Em ano de demissões, aviso prévio e multa do FGTS são temas mais reclamados
Justiça do Trabalho em 2020 foi marcada por reclamações de ataques aos direitos trabalhistas
As chamadas verbas rescisórias — devidas pela empresa ao funcionário após seu desligamento — estão no topo do ranking como os temas que mais levaram trabalhadores à Justiça contra as empresas, em 2020.
De acordo com dados do Tribunal Superior do Trabalho (TST), sobre novos processos, o aviso prévio ocupa a primeira posição, seguido de multa de 40% sobre o FGTS e a multa por atraso no pagamento da indenização (confira a lista abaixo).
Um levantamento produzido pela consultoria Datalawyer Insights, a pedido do jornal EXTRA, revela que o volume total de processos ativos que tratam somente de aviso prévio e do pagamento da multa de 40% chega a 1,98 milhão, sendo que o valor total das causas ultrapassa R$ 138 bilhões. Já o valor médio de cada processo é de R$ 70.466.
Para especialistas, o atraso no pagamento no momento da demissão está relacionado à crise econômica agravada pela pandemia de Covid-19, e que tem levado muitas empresas a fecharem as portas:
“São verbas de natureza alimentar. A alta no número das ações está ligada ao desemprego e às demissões.

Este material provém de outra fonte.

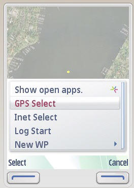 "GPS Select": Bluetooth GPS auswählen und verbinden (GPS Position wird als roter Punkt angezeigt)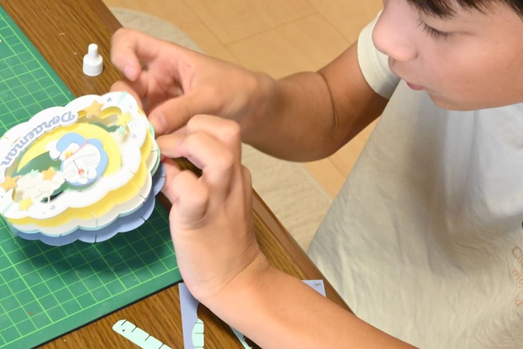 創作意欲に火がついた子どもは「夏の自由工作で、このアイデアをマネできないかな?」と想像力を働かせていました。今回の体験をどう生かすのかが楽しみです。筆者も「難易度5の難しいペーパーシアターにチャレンジしたい」と、次回作の機会を狙っています。

Grande parte dos empresários não tem recursos para quitar estes compromissos após a demissão”, explica Ana Cristina Werneck, sócia do Gameleira Pelagio Fabião e Bassani.
Para Aline Fidelis, sócia trabalhista do Tauil & Chequer, no caso do aviso prévio, dúvidas sobre a indenização ajudam a explicar as queixas:
“Há falhas de interpretação que levam o empregador a fazer descontos. O empregado não vai trabalhar, vou descontar aviso prévio? E outras situações que geram dúvida”.
O aviso prévio de 30 dias (trabalhado ou indenizado) é garantido para o trabalhador que tiver até um ano de vínculo empregatício. Para quem tem um ano completo ou mais, além desses 30 dias, há mais três dias de salário para cada ano completo trabalhado, limitado a 20 anos.
Além disso, depois da demissão, a empresa tem até 10 dias para pagar as verbas rescisórias ao ex-funcionário. Entre elas, estão o saldo de salário; aviso prévio proporcional ao tempo de serviço; 13º proporcional; férias vencidas e proporcionais acrescidas de 1/3; a multa de 40% sobre o saldo de FGTS, além das horas extras devidas.
Desrespeito na pandemia
A expectativa é de que o aprofundamento da crise econômica e o crescimento das demissões em vários setores aumentem ainda mais o número de ações na Justiça do Trabalho.
Leandro Antunes, professor de Direito Trabalhista do Ibmec RJ e sócio da Antunes & Mota Mendonça Advogados, afirma que o desrespeito às leis trabalhistas foi intensificado na pandemia, em razão da crise econômica, mas é um problema que já vem ocorrendo há muito tempo. Ele acredita que as empresas deveriam se preparar melhor para esses momentos, criando uma reserva financeira destinada apenas a pagar as verbas rescisórias.
“Tem empregador que faz até mesmo o trabalhador assinar o recibo do pagamento, sem pagar as verbas devidas. A dificuldade financeira pode estar inflando esses números, mas não podemos esquecer que o empregador, quando coloca o negócio na rua, assume os riscos. Não podemos justificar a falta de pagamento por causa do cenário da pandemia”, diz.
Caso o trabalhador decida entrar na Justiça, Antunes lembra que o prazo para entrar com a ação é de até dois anos após a extinção do contrato de trabalho.
Setores mais afetados na crise
Entre os setores com o maior número de queixas, segundo a Datalawyer Insight, estão: administração pública, indústria da construção, atividades de vigilância e segurança privada, limpeza, e restaurantes e similares.
Daniel Santos, sócio trabalhista do escritório Machado Meyer, acredita que as medidas adotadas pelo governo federal em 2020 ajudaram a conter as demissões naquele ano, com a suspensão dos contratos de trabalho e redução da jornada. Em 2021, por outro lado, a situação da pandemia está pior e não existem os mecanismos jurídicos de proteção ao trabalhador:
“Muitas empresas vão continuar sofrendo com o fechamento do comércio e com a redução da atividade econômica. A gente precisa com muita urgência que o governo implemente uma medida similar à do ano passado”.
No entanto, enquanto isso não ocorre, ele aconselha que as empresas que precisaram demitir e têm dificuldades financeiras de arcar com as obrigações trabalhistas procurem os sindicatos das categorias para negociar acordos, como o parcelamento da rescisão sem pagamento de multa por atraso. Isso pode ser feito com mediação do Ministério Público do Trabalho.